I have a fasta file with sequences of about 100 amino acids and i need to expand them on both sides with the corresponding amino acids to get a fasta file that contains the entire domain sequences instead of the 100 amino acid stretches. I try to write a biophyton script that does the job, but i'm an absolute beginner and would be glad for any advice on how to do that. So i figured that my script should first perform a blast search for all the sequences, take the top hit and then somehow use it to expand the query sequence. However I don't really know how to implement that (except for performing the blast search). Any help would be appreciated, thank you.

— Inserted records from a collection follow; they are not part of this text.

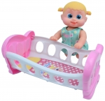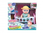 Кукла умеет ползать, а также обладает звуковыми эффектами. В наборе с куклой представлена люлька. Кукла шевелит ножками и ручками, качаясь в ней. В ассортименте 1 кукла девочка Bounie.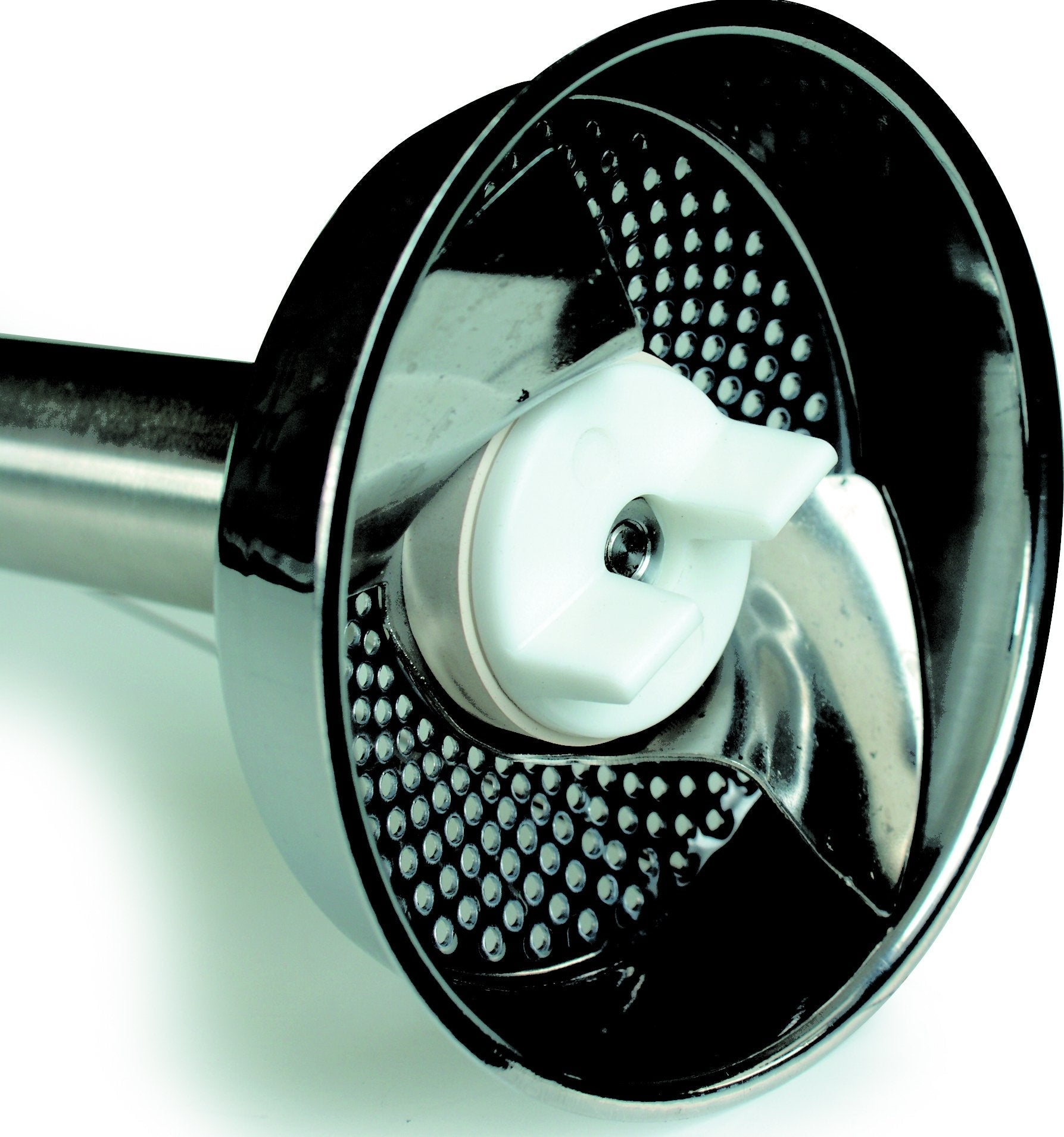 Ricer / Food Mill tool for the Senior and Master series, with stainless steel perforated grid and blade. Suitable for up to 30 lbs of mixing with Senior motor block and 65 lbs with Master motor blocks.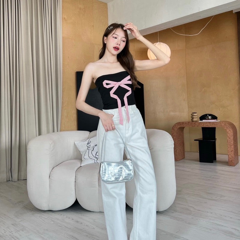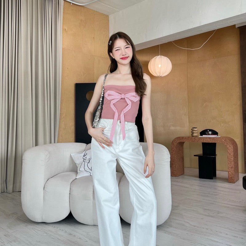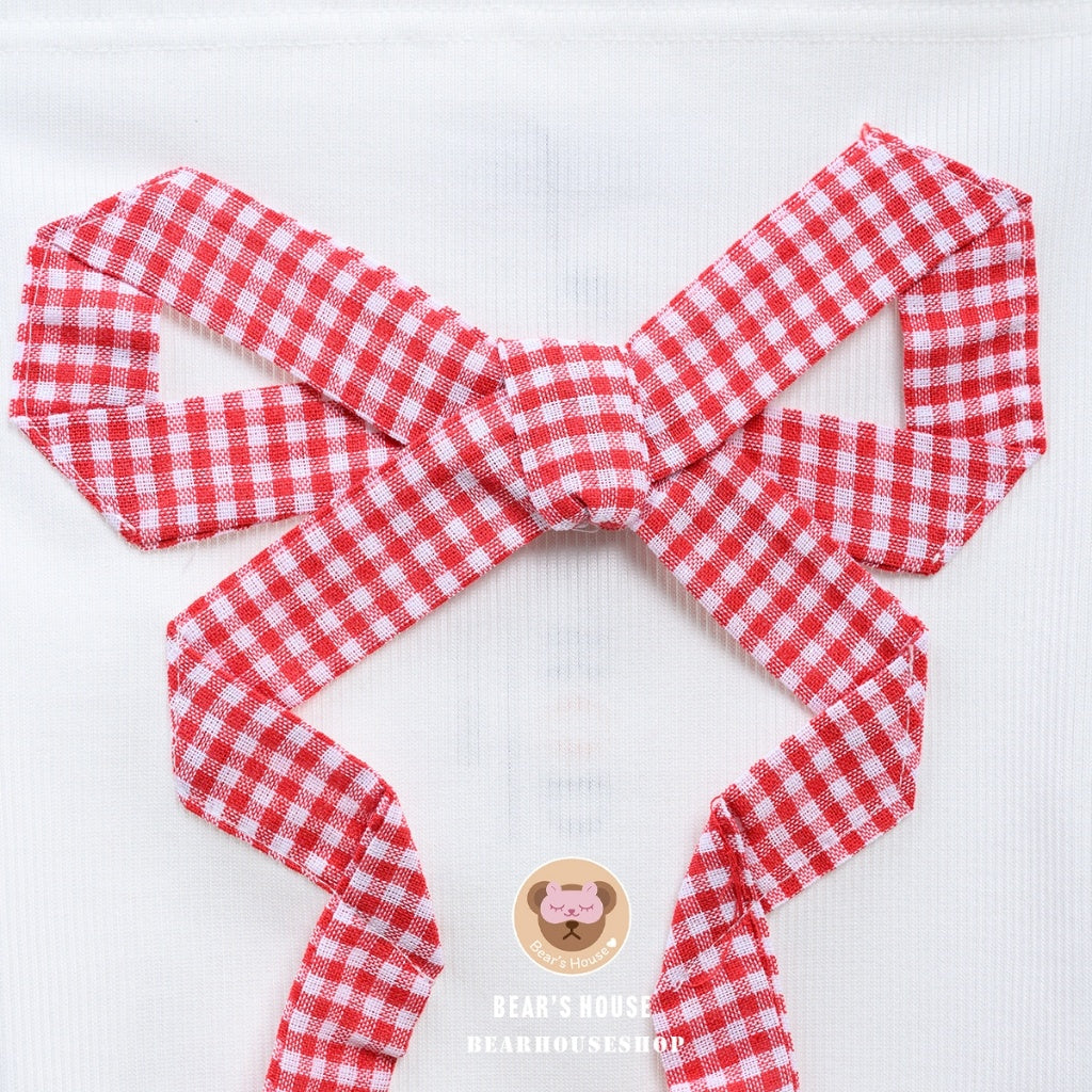 Get ready to join the Berry Gang with this cute and playful crop top! Made with stretch fabric and a sewn bow. Available in 4 colours, pair it with anything for an adorable look. 🎀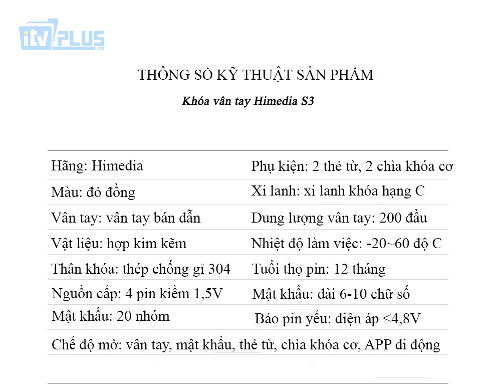 HIMEDIA S3 được itvplus nhập khẩu và phân phối chính hãng tại Việt Nam, sản phẩm được bảo hành 24 tháng, kèm chương trình khuyến mại đặc biệt tặng ngay 01 camera vitacam trị giá 1.200.000 VNĐ cho khách hàng lắp đặt sản phẩm khóa điện tử vân tay HIMEDIA S3 trong dịp tết 2020.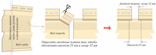 Монтируя панели сайдинга своими руками внахлест, подрежьте крепежные рамки и замки панелей, чтобы длина нахлеста составляла 25 мм (как и в случае с профилями) (Рис. 14).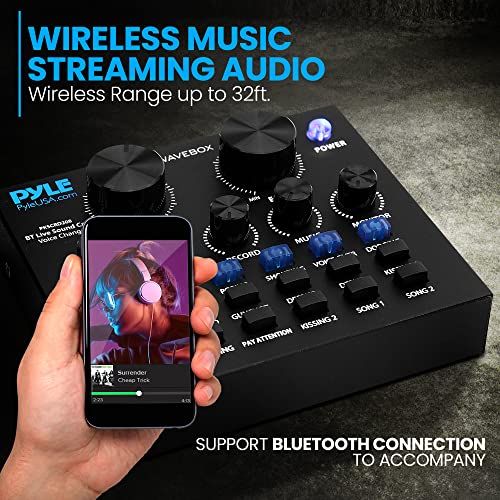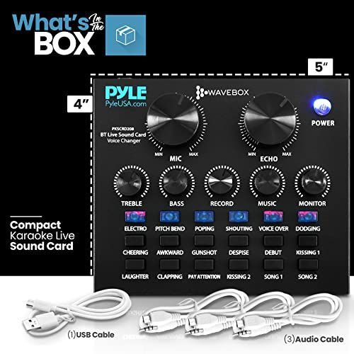 Details: Features: Compat Size, External Sound Card with Metal Housing 6 sound modes: Eletro, Pith Bend, Popping, Shouting, Voie over, Dodging 12 sound effets: Cheering, Awkward,, Dese, Debut, Kissing 1, Laughter, Clapping, Pay attention, Kissing 2, Song 1, Song 2 Inludes Control Knobs for Mirophone Volume, Eho, Treble, B, Reord Volume, Musi Volume, and Monitor Volume Inludes Live1 and Live2 and Aompany Instrument USB Port 3.5mm Earphone Speaker and Headset Output 3.5mm Condenser Mirophone and 6.35mm Dynami Mi Input Compatible with Smartphone, PC, and Laptop Supports Major Mainstream Live Broadast Software suh as Faebook, TikTok. et. Bluetooth Connetivity: Instantly Reeives Wireless Musi Streaming Audio Works with All of Your Favorite Devies (iPhone, Android, Smartphones, iPad, Tablet, MP3 Player, et.) Bluetooth Version: 5.0 Bluetooth Network Name: PyleBT Bluetooth Wireless Range: 32 Feet Whats in the Box: (1) Sound Card (3) Audio Cable (1) USB Charging Cable Tehnial Spes: Constrution Material: Metal : DSP Noise Redution Channel Support: Two Channels Interfae: USB Working Voltage: 3.3V to 4.2V Charging Voltage: 5V + 5% Charging Current: 0mA MAX Working Current: mA Output Power: 0mW Signal to Noise Ratio: db Power Supply: Built-in rehargeable 0mA Lithium Working Time: 6 hours Produt Dimensions: 5 x 4 x 1 -inhes Sold as: 1 Weight: 1.09 lbs.

Like Steve said above, your use of the word "expand" is vague and confusing, but it sounds like you have FASTA file with 100 characters of protein data in each sequence. You would like to write a script in PYTHON to automate your search. Being new to python I think you should first write out the steps of what you would like to do: formulate your algorithm.
For example: 1. BLAST query sequence to reference protein sequence 2. query downstream X amino acids and upstream X amino acids 3. return entire X length of what you are looking for. 4. repeat for other sequences
This list becomes the operations in your script. Figure out how to write each step in python. I'm not sure what exactly you want to do so it's hard to understand how you would develop your algorithm here.
What exactly is it that you're trying to do? You have a multiple sequence alignment (MSA) that has been cut to ca. 100 amino acids and you wish to find the original sequences from which they were made from? Or simply homologs of those sequences? What is the context of this problem? Do you feel that ca. 100 residue alignment is a domain? If so you could build an HMM model using HMMER3 and extract all known homologs from a reference database (such as UniRef100 - all known non-redundant protein sequences). If not ... why have you aligned them?